А знакомую песенку послушать – одно наслаждение. Как заведет, как заведет – так все и притихнут. Ежели который ружье чистил – возьмет курок, отведет, да так и стоит с отведенным; ежели сенник несет – так с сенником и стоит. Уж так играет Мозгунов, что и сказать вам не сумею, а особо коли «Вниз да по матушке по Волге». Крупно-то нам петь не годится, а эдак помаленьку-помаленьку – сидим да и припеваем ему. Сам Мозгунов родился на Волге, потому эту песню любит, любит и играет завсегда. А кончит играть, и «оттуда» заиграют. Не знаю, на чем они играют, а что-то на гармошку тоже подходит. Чувствуют, значит, что нашего беспокойства не будет, и сами начнут отдыхать – так оно и сходит: мы поиграем, они поиграют, а потом уж вместе пойдет. Окопы-то у нас близко, крик человеческий слышен бывает, а уж когда на гармошке, да в покойный вечер, – думаю, что пляшут они под нашего «Камаринского». У них вот не имеется наподобие этого самого «Камаринского», все по-другому, так что по незнанию и слушать-то никакой приятности не выходит. А под нашего «Камаринского» – поди, пляшут, он всем по нутру. А тут вот все темные ночи-то были – так мы и сняли у них за две ночи 5 караулов. Сняли, а они и обиделись, не хотели остаться в долгу – подобрались и задушили у нас троих. Мы им наутро и послали в награду письмо на собачьем хвосту». «Как на собачьем хвосту?» – спрашивает. «А так. У нас при роте за эти дни собачонка пристала – голодящая, негодная такая. Мы и привязали ей на хвост письмо, а написали по-своему. Взводный писал, и надо думать, что не по сердцу им будет, когда сумеют прочитать: у вас взводный мастер на эти штуки – пишет просто, а выходит крепко. Бумагу эту, записку, под задок прицепили, а на хвост, на край, четыре газеты сложили так, чтобы они раздувались да шумели. Ну а когда у собаки сзади шумит – известное дело, что она ходу надбавит. Подрезали газеты кружком и поставили ее, горемычную, возле окопа. Поставили прямо на немца. Сверху над ней взяли прицел.
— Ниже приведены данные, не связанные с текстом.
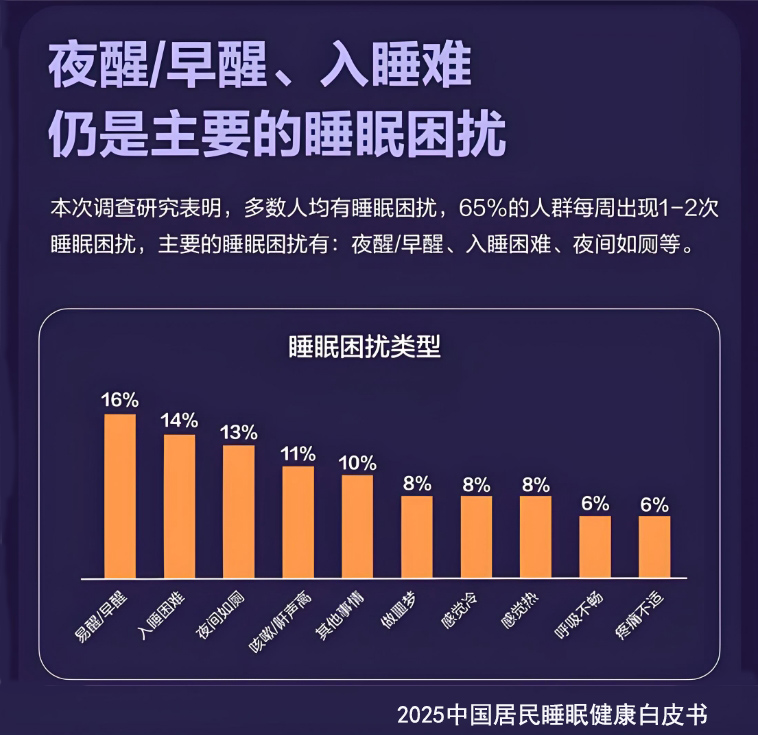 《2025中國(guó)居民睡眠健康白皮書(shū)》顯示:我國(guó)居民整體睡眠狀況不容樂(lè)觀,超過(guò)65%的受訪者長(zhǎng)期存在睡眠困擾,夜間睡眠時(shí)長(zhǎng)普遍偏短,總體睡眠質(zhì)量欠佳。
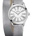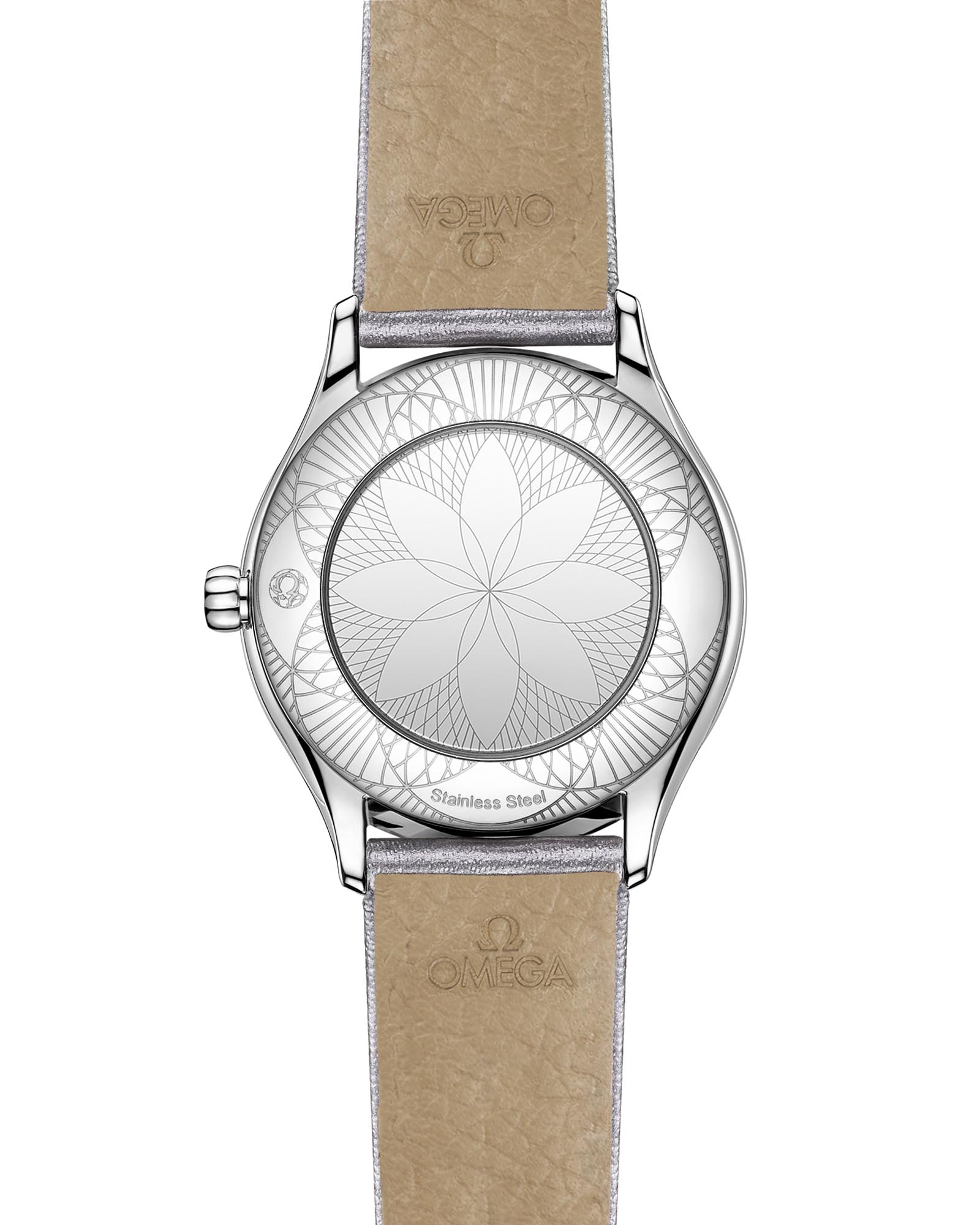 Mini Trésor — сияющий шедевр женской коллекции OMEGA, где 26-мм корпус из нержавеющей стали украшен волнообразными рядами бриллиантов, а заводная головка с алмазом в обрамлении красной гибридной керамики добавляет дерзкий акцент. Куполообразный циферблат из белой эмали "Grand Feu" с сероватым оттенком и изящными римскими цифрами создает эффект парящей легкости. Двойной переливающийся кожаный ремешок серого цвета с фирменной застежкой Trésor подчеркивает утонченный характер модели. Внутри скрыт точный кварцевый механизм OMEGA 4061, дополненный зеркальной задней крышкой с металлизированным узором "Her Time" — воплощение современной женственности и часового мастерства.
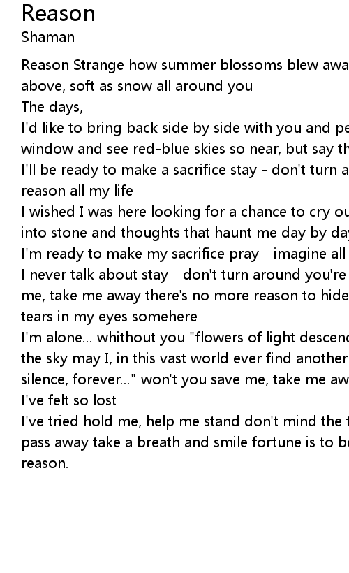 | I'll be ready to make a sacrifice stay - don't turn around there's only one reason all my life | |

Как ухнет – как она рванет, как помчится, как помчится. Тут уж только подавай бог ходу. Не оглянется, прямо бежит. А «они», надо быть, не поняли, в чем дело, спервоначалу пальбу открыли. Потом перестали и загалдели что-то по-своему. Думаю, что поймали собачонку-то; а ежели поймали и письмецо-то любезное прочитали: наш взводный писать умеет, нашу роту не посрамит».
– Господа, куда же вы идете? Этот вагон офицерский, идите, пожалуйста, взад, там есть еще вагон свободный.
– Нет, так что же нам?.. Куда же мы будем деваться с билетами-то? Надают сотню билетов, а сесть негде…
Вагон набит, как сельдяная бочка. Душно, накурено так, что дым колесом катится.
– Да не сюда, не сюда, господа. Кондуктор, это вагон офицерский? Офицерский, господа, он для нас.
Публика сначала останавливается, потом начинает пятиться задом и освобождает коридор. Хлынула с воли новая волна серых шинелей, и коридор в минуту был забит офицерами. Места было слишком недостаточно для той массы народу, которая расположилась в коридоре, – кто на чем: кто на тюке, кто на корзинке. Уборная была занята вещами, и умыться не было возможности. Перед Пасхой каждый вез в свою часть то подарки, то пасхальную пищу; у всякого были тюки, узелки, мешки с провизией. Одному офицеру не погрузили в Москве багаж, и он всю дорогу плакался, что нечем будет разговеться.
– Уж все сделали, знал, что обманут. При мне сложили на тележку, дождался, как и повезли. Эх, дурак, до вагона не дошел: выходит – повезли, а не довезли. Вот и разговляйся теперь!..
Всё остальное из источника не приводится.